A silhueta dela esvanecia-se em sua mente, o cacho de seus cabelos que ela escondia atrás da orelha, e o seu colo, ele derretendo-se ali, naquele cheiro bom de pele nua, feminina, há quanto que não sentia tal intensidade e um golpe na boca do estômago por saber que era só o seu pensamento, era a força da sua paixão trazendo-a para os seus braços e inaugurando um novo tempo para ele, que tinha fundido a vida e a morte e seus significados dentro do milimétrico campo da sua ciência racionalizada e fria, vazia, azeda como um vinho de má qualidade.Sem paixão.
Uma das coisas que incomodava nela, ele, ateu convicto, era a sua fé naquela fantasia ocidentalizada, construída por ardis políticos e alimentado pela demência das multidões e do inconsciente coletivo que fabricara um deus a sua imagem e semelhança para substituir o pai e para se proteger do vazio e do frio, do caos da conclusão tardia que tudo era matéria e produto da mente, a priori e a posteriori,e apesar de ser uma espécie tão formidável,que fabrica uma territorialidade, fenecia como uma flor ordinária na grama do jardim.
Já não concebia a vida sem ela. E o amor, ou aquele desconforto físico e psíquico, aquela desordem mental causada pelo descompasso dos hormônios e dos feronômios, era apenas uma etapa que ele, certamente, venceria.

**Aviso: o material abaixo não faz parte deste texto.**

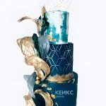Эстетичный трехъярусный торт на день рождения синий с золотом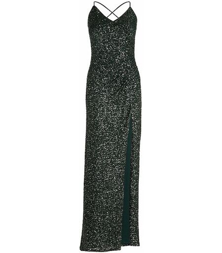 Elegantes Damen Abendkleid aus glitzerndem Material V-Ausschnitt Schmale Träger Schließt mit Reißverschluss Bänder zum Binden im Rückenteil Langer Seitenschlitz Figurbetonte Passform Länge: Ca. 152 cm Länge ab Taille: 110 cm Farbbezeichnung: Dusty Slate Material: 95% Polyester, 5% Elasthan ...
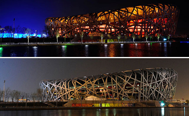中國北京。3月28日,熄燈前后的國家體育場(chǎng)“鳥巢”。

O tempo passava impiedoso, e duas almas suspensas, esperando o fim ou o recomeço, mas o começo de um novo fim.
Já não era confortável, posto que corações fossem bombardeados sem sequência do ímpeto da circulação apressada, uma dor esquisita que não chegava a ser física, a esperança desesperançada do encontro de corpos, ansiosos pela fusão, mentes que não se concentravam em tarefas que exigiria absorção, sem apetite pelo alimento, ou  uma voracidade desmedida que acumulava adiposidades na linha da cintura, borboletas esvoaçando no estômago, pernas cambiantes, músicas saudosistas, leituras sem sentido, a geografia do corpo infestada por essa necessidade , e a vida um inferno.
Queimaram navios, destruíram pontes, chutaram cachorros, descabelaram-se em vão e amaram-se,amaram-se, mesmo negando o amor, negando a completude que o relógio do tempo exigia que fosse feita.
Leituras verticalizadas e horizontalizadas e raros momentos em que se encontraram sentiam uma alegria estranha e o amor da completude,  como ser um só, um lar, uma fé, uma lei, um rei. O amor rei domínio do coração menino  que ele nem sabia que estava ali.
E ela o sentira o tempo todo.
Sabia das coisas. Sabia que eram Abelardo e Heloísa, Orfeu e Eurídice, Tristão e Isolda, Sansão e Dalila, Isabel e Álvaro, leituras shakesperianas.Eram duas crianças que nunca tinham sentido aquilo e estavam assombradas pela potência do brinquedo novo.
Encontravam-se sem fim pelas vidas que se sucediam e harmonizavam. Amor de almas.
Sabia quando ele a olhara, adivinhando com sua mente evoluída o embaraço de seus  sentimentos, e sabia que ele captava a veia no pescoço, pulsando,as mãos nervosas, no colo, procurando uma forma de disfarçar.
Sabia que eram um para o outro mais do que tudo na vida.
Sabia que a inexorabilidade de certos destinos converge como um rio, numa direção precisa, até consumar a última nota da música do destino.
Aguardava.
E assim, os nossos dois personagens, ficaram congelados num paix de deux, embora ele não goste de ballet, mas eu determino a forma como os personagens poderão ser movidos nesse jogo.